La bruma cubría toda la marisma a la altura de Kortezubi mientras en la cercanía una solitaria ave rumiaba los restos de un botín que más bien pareciera ya pura podredumbre. Txomin Bengoetxea miró a los cielos como queriendo buscar alguna solución al desasosiego que manaba de su interior desde tiempos inmemoriales. No, allí, sobre aquel lienzo plomizo, no había ninguna respuesta a sus inquietudes sino solo el reflejo de unos tiempos cada vez más grises.

Cogió la azada y se dirigió a un pequeño terreno que todavía cultivaba frente a su baserri. Ya casi en tierras del olvido quedaban aquellas cosechas que cuando era niño lograban sus antecesores.
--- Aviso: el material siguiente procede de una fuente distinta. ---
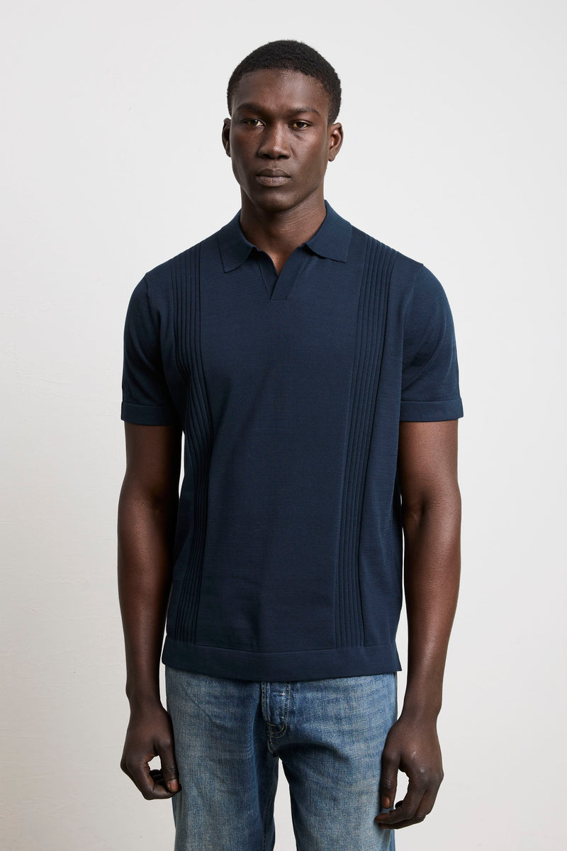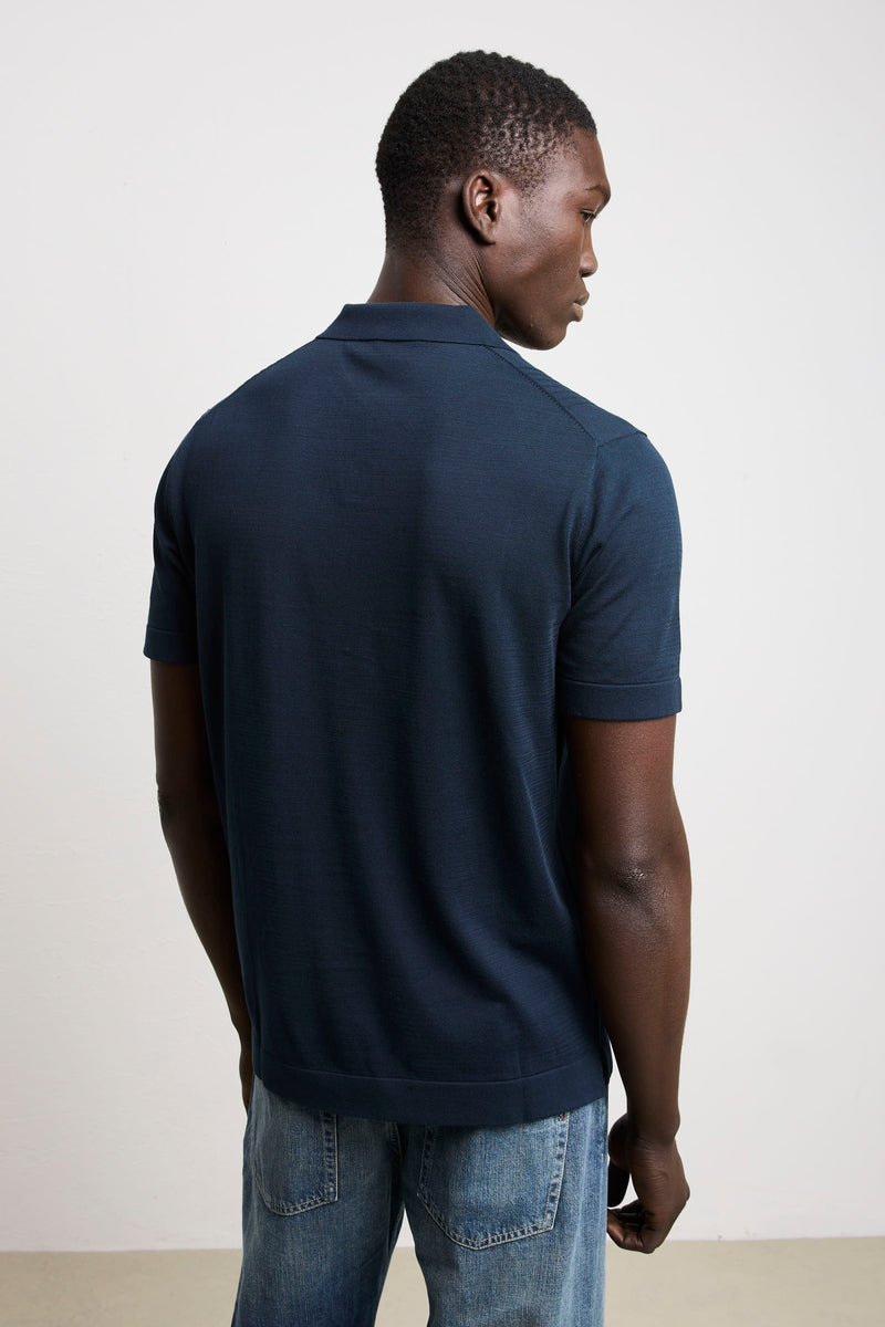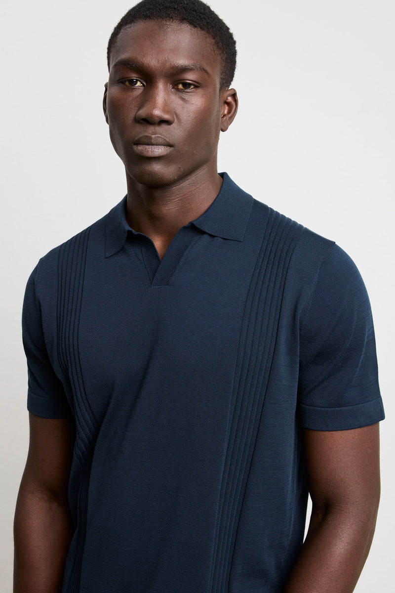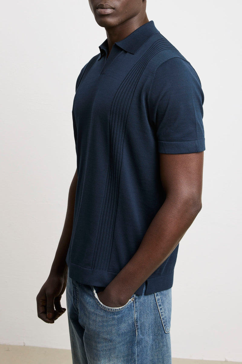 Reworked 3462 Short-sleeved ribbed knit polo shirt in blue

Dos escuálidas hileras de puerros, algunas lechugas y unas pocas plantas de pimientos y tomates era lo único que quedaba de toda una tradición centenaria convertida ahora en total dependencia alimentaria. Su país, su gente, había abandonado su tierra.

La maleza se iba adueñando del paisaje, pero también, de ese otro territorio que es la salud emocional de sus habitantes. Los árboles de su huerta, otrora frutales, casi habían desaparecido del horizonte. Y el pino y el eucalipto cubrían llanos y laderas, desertizando el terreno, esquilmando acuíferos y ascendiendo hasta las cimas de los montes.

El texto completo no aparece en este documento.